It has been said today, where is bravery?
I'll tell you where bravery is found and courage is found.
It's found in this minority who has lived through the last year of nothing but rules being broken, people being put down, questions not being answered, and this majority say, be damned with anything else.
We're going to impeach and do whatever we want to do.
Why?
Because we won an election.
I guarantee you, one day you'll be back in the minority and it ain't gonna be that fun.
Hey everybody, it's Doug Collins.
Glad to have you back on the Doug Collins Podcast.
We've got a great friend coming back in today to be on the podcast, Jason Pye, New Process Institute.
I've known him for many, many, many years that we go back from Georgia politics to DC politics, everywhere in between.

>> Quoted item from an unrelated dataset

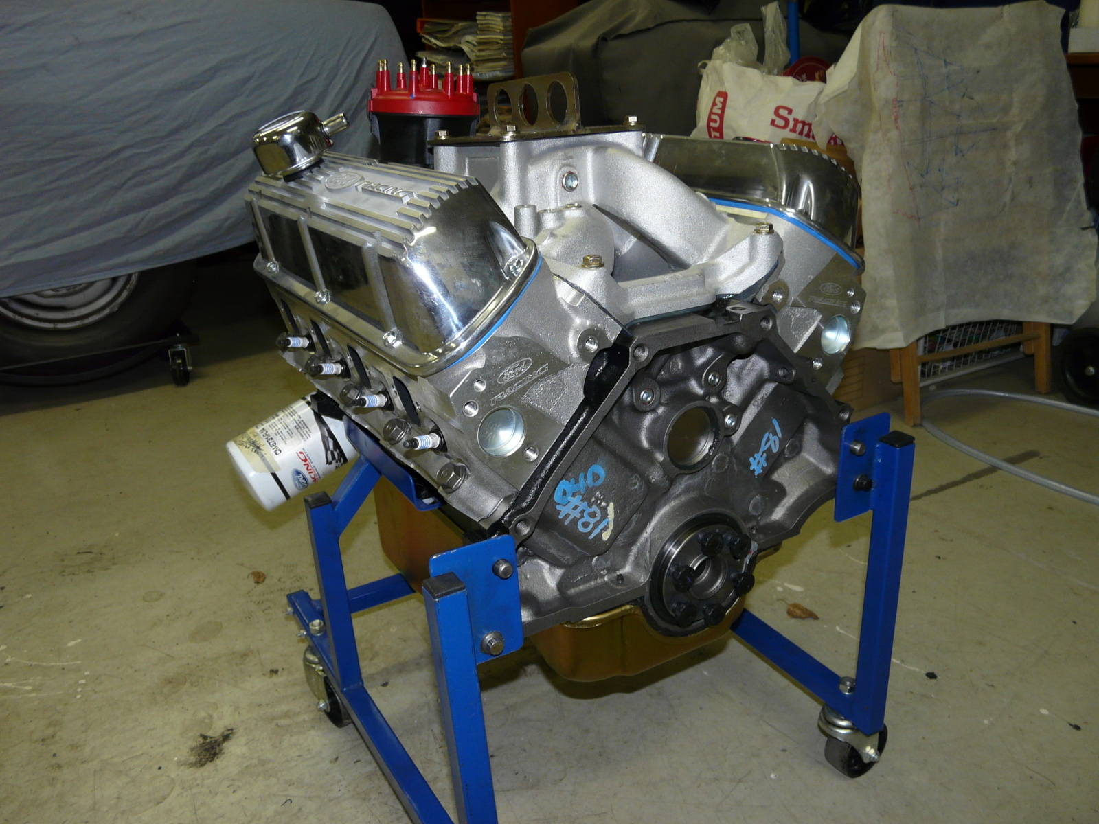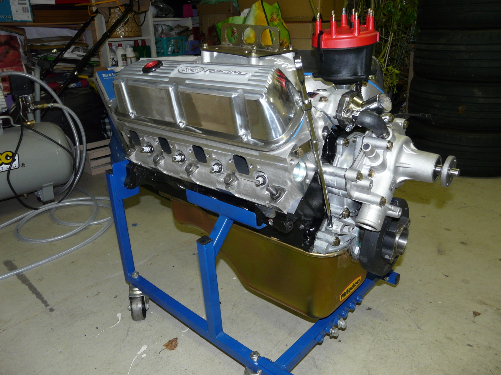 Uusi moottori siis tilattiin Summitilta. Käytettyyn 302 lohkoon Ford Racingin rakentama moottori. Se sitten saapui lentorahtina Arlandaan ja kävimme sen sieltä tullaamassa ja sitten matka jatkui moottorin kera Pär:in luo Engine Kit Racing- nimiseen firmaan, joka sijaisee Storforssissa. Olin etukäteen vähän vakoillut sitä että minkälaatuisia nämä valmiiksi kootut koneet oikein ovat, vaikkapa Ford Racingin kasaamat. Laatu kuulema saattoi vaihdella, joten otin selvää josko jostain löytyy Ford spesialisti ja tämä Pär on tunnettu alalla ja kuulema osaa hommansa. No kone Pärille ja sovittiin, että hän käy sen kokonaan läpi, laakeroinnit, momentit ja käyttää sitten koepenkissä. Halpaa se ei ollut, mutta on parempi, että kone ajetaan penkissä ennekuin se tiputetaan paikalleen. Jostain syystä GM spesialisteja tuntuu löytyvän helpommin, mutta Fordia tuntevia on harvemmassa.

But I wanted to bring Jason back in today.
There's a lot going on in the D.C.'s front, and it's not just in legislation, but it's also in this election cycle.
As you probably realize, listen to this podcast, watching this podcast going on, election cycles tend to make politicians do sort of different things, and it's a lot of pressure going on.

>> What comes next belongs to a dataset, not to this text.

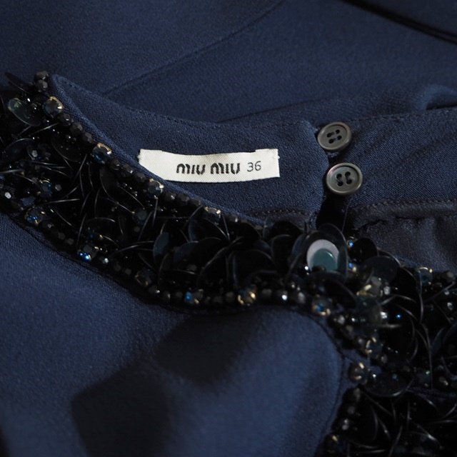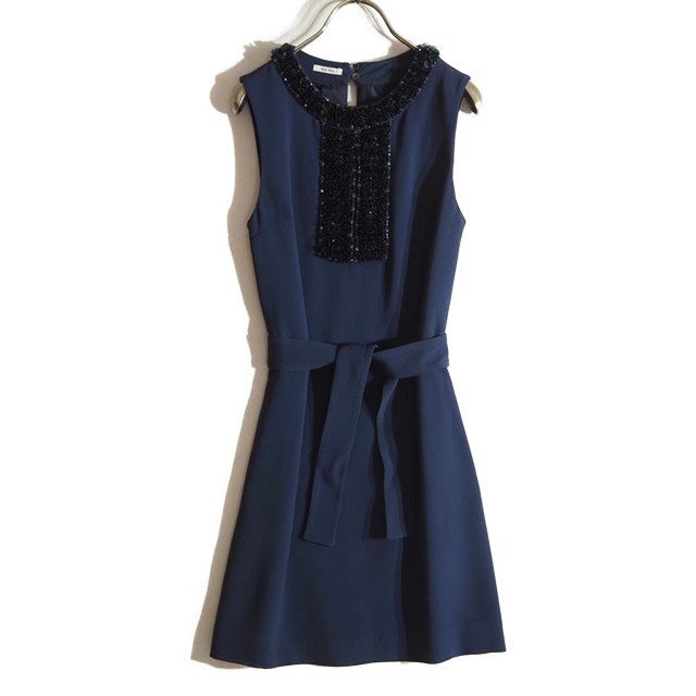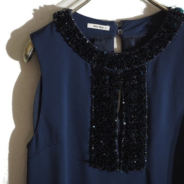 P7784H2 ▼miumiu ミュウミュウ▼ アセテート ビーズ付き ノースリーブ ドレス ミニ ワンピース ネイビー 36 / ジョーゼット 春夏

And I'm not criticizing that.
I've been a part of it, a lot better part of it.
You have to sort of find what works.
As a guy who's worked on my campaigns, consulted for me forever, Chip Blake says, he says, elections can be about everything you want them to be, but at the end of the day, the voters have a say in what actually goes on, and that's true.
But one of the areas that is so important that I wanted to bring Jason back in We're good to go.

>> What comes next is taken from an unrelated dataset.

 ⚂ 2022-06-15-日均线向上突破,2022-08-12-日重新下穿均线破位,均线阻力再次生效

The idea that I saw Republicans moving forward in what should be a really conservative issue combined with others, and they seem to be taking some steps back.
So, Jason Pyle, welcome back to the Doug Collins Podcast.
Doug, thanks for having me.
It's good seeing you, as always.
And I was going to say, everything you're talking about in terms of criminal justice, there are things that Republicans should be running on and should be proudly proclaiming.
And Doug, you're Your work on the First Step Act in Congress, you should wear as a badge of honor.
And unfortunately, Republicans are going towards This tough-on-crime rhetoric that was so prevalent in the 1980s and 1990s is frustrating.
Well, it is, and I think that's the part.
Now, I wrote an op-ed a couple weeks ago.
We put it out, and it was really hitting at that, you know, the whole idea that, you know, look, if you're conservative, you know, this idea, and then there's a lot going on.
And let's just go ahead, and I'm going to hit it head-on, and I know from your perspective, There's a lie going on in the Senate right now, in particular, the U.S. Senate.
And one of the purveyors of that, I'll name a name, is Tom Cotton and others who have said that the First Step Act was part of the reason for this crime wave right now.
I mean, Jason, I mean, there's a lot of things you could say about the First Step Act.
Okay, I'll take some criticism, both sides.
You know, we'll look at it.
No legislation is perfect.
But that's just an outright lie.
Yeah, I'm glad you used the word because if you didn't say it was an outright lie, I was going to.
I was going to say it was at best disingenuous.
At worst, it's an outright lie.
The Justice Department recently put out a report, and it's a progress report on the First Step Act.
And that progress report found that the rearrest rate, this is rearrest.
Rearrest is the worst barometer of recidivism.
The best barometer of recidivism, from my view, as an advocate, someone who studies this issue, is probably reconviction.
But rearrest rate for individuals released under the First Step Act, this is about 10, it's just under 10,000 individuals, was 15.9%.
For comparison, the Bureau of Prisons says that the recidivism rate for the general population is 43%.
15.9%, 43%.
You can't even compare the two.
First step has been a success, and Republicans should be out there proclaiming it.
It worked.
It worked.
We have the proof.
It's worked.
Now, this is a short-term recidivism rate.
I'll concede that much.
But 15.9%, that is really something to be proud of.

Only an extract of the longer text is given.